Every year members of governmental agencies, in state Houses and Senate halls, in our national's Congress people seeking political power feed the nonsensical notion that if we make a thing illegal it stops happening. As a result new laws are passed without thoughtful consideration of how other laws are affected, if other laws should be amended or recodified or rescinded and a change in federal law can take a long time to seep down to Two Egg, Florida. Personally I'd like to find candidates who promise to write no new laws, to only clarify, repair and recodify the millions of rules, regulations, laws, court case precedents and rulings to attempt to make the law possible to obey.

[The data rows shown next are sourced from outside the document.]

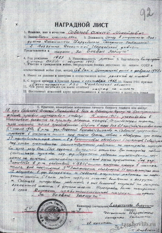 Наградной лист Савельева Алексея Михайловича, лейтенанта
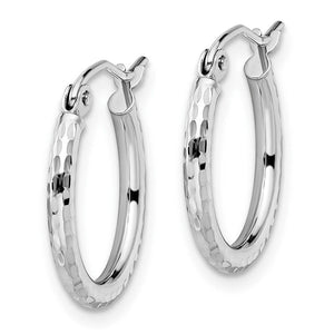 2mm Diamond Cut Round Hoop Earrings in 10k White Gold, 17mm (5/8 Inch) - Black Bow Jewelry Company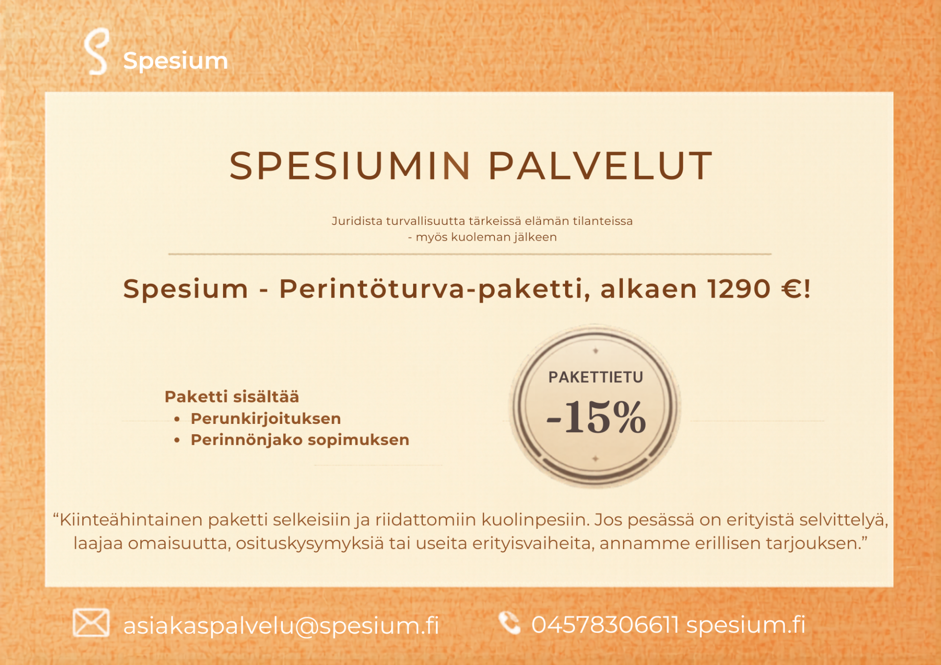 Omaisille ja kuolinpesille tarjottavat palvelut auttavat hoitamaan vainajan asioita selkeästi, lainmukaisesti ja mahdollisimman vaivattomasti. Palveluihin voi kuulua esimerkiksi kuolinpesän selvittäminen, perunkirjoitus, perinnönjako, omaisuuden myynti ja hallinnointi sekä viranomaisilmoitusten ja asiakirjojen laatiminen.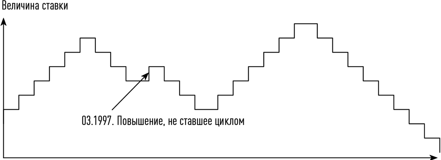 03.1997 – единственное непоследовательное повышение с 5,25 до 5,5 % за десятилетний период. Это повышение не стало началом цикла роста ставок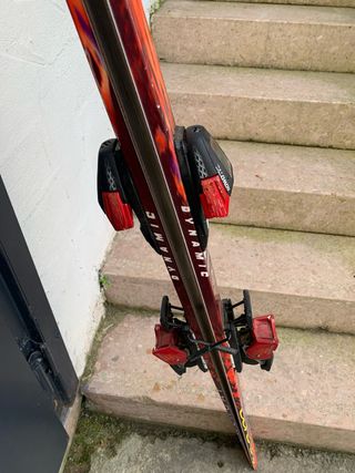Esquís DYNAMIC para adulto con fijaciones Salomon. - Diseño en tonos rojos y naranjas con detalles morados. - Fijaciones Salomon en color negro y rojo.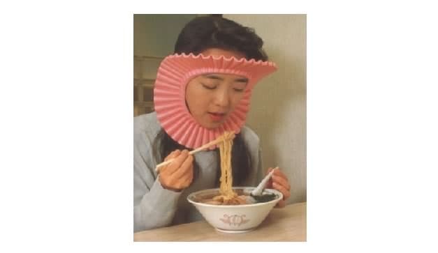 Nuestro último adminículo viene, nuevamente, de la imaginación nipona. Se trata de un sombrero en forma de flor que se coloca en la cara con el único propósito de no dejar caer el pelo en nuestra sopa de noodles….

Mens rea, the requirement that there is intent to harm, is too often being replace with the "make an example and other people won't do this." But with the millions of rules (just think of the tax code with books of statues, Revenue Proclamations trying to clarify the law, Letter Rulings trying to address whether or not a particular course of action might or might not be illegal/actionable and the Tax Courts, the U.S. Courts of Federal Claims, District Courts and Bankruptcy Courts and the U.S. Courts of Appeals findings and rulings. And that is JUST the federal tax code. Now add the tax rules, laws and regulations in 50 states and the District of Columbia) it is frustrating for citizens. People often are so worried about "getting into trouble" knowingly pay higher taxes than the law provides, or lacking the financial resources to defend themselves, allow a disallowed deduction to stand because it is too expensive to fight what may be only a poorly trained examiner. While even trained legal professionals have trouble giving a clear response when a question is asked (have you ever emailed the IRS with a question?) people at all levels of literacy and education are held accountable for errors of both omission and commission.
So we are coming far too close to a nation where if anyone looks hard enough at anyone else they can probably find a mistake and if the person looking has "clout" and person being looked at does not, they are truly in a mess.
I suggest we ask our representatives and senators regularly what they have recodified or rescinded recently in the interest of moving toward a more just society.